Jan. 15—Medical account resolution best practices that aim to improve patients’ understanding of the payment and collections process and promote fair and consistent collection methods were issued Wednesday by an industry task force led by HFMA and ACA International, The Association of Credit and Collection Professionals.
The best practices aim to provide “clear guidance for resolving financial obligations before, during, and after a patient visits a hospital or other healthcare setting,” according to a release. The best practices are designed to improve communication between patients and providers and standardize and better coordinate all business practices related to medical account resolution.
The task force urged adoption of the best practices throughout the healthcare industry.
"These best practices provide a much-needed blueprint for hospitals, physicians, and our partners in account resolution to coordinate their activities in ways that respect and benefit patients," said Joseph J. Fifer, FHFMA, CPA, president and CEO of HFMA. "Patients want information that is timely, clear, and concise and deserve a consistent, fair process for resolving payment issues."

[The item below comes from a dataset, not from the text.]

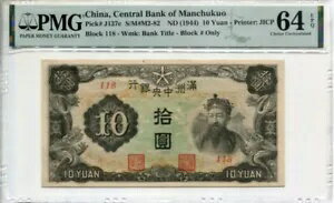 中国、満州国中央銀行 ND 1944 10 元プリンター: JICP PMG 64 # ?洲のみ

To better help patients understand what to expect, the best practices urge providers to develop “consistent, coordinated policies for account resolution so collection agencies and others are governed by a provider’s board-approved policies.”
Other provider actions urged by the best practices were the development of appropriate channels and best practices for patient communications and account resolution; reporting back to credit bureaus when accounts are resolved (in cases when an account is reported to a credit bureau); and tracking consumer complaints.
"Many consumers are struggling with medical bills today," said ACA International CEO Pat Morris. "These best practices are a balanced step forward for all of the stakeholders involved to better resolve patient medical accounts."
Specific provider steps urged by the best practices include publicizing clear written policies on the provision of financial assistance, which describe how to apply and what supporting documentation is needed.
The industry guidance came as the Obama administration implements an Affordable Care Act provision requiring all not-for-profit hospitals to establish a written financial assistance policy and billing and collections policy.
The collection best practices followed previous HFMA initiatives to improve financial communications, including the Patient Financial Communications Best Practices and HFMA’s Patient Friendly Billing® project.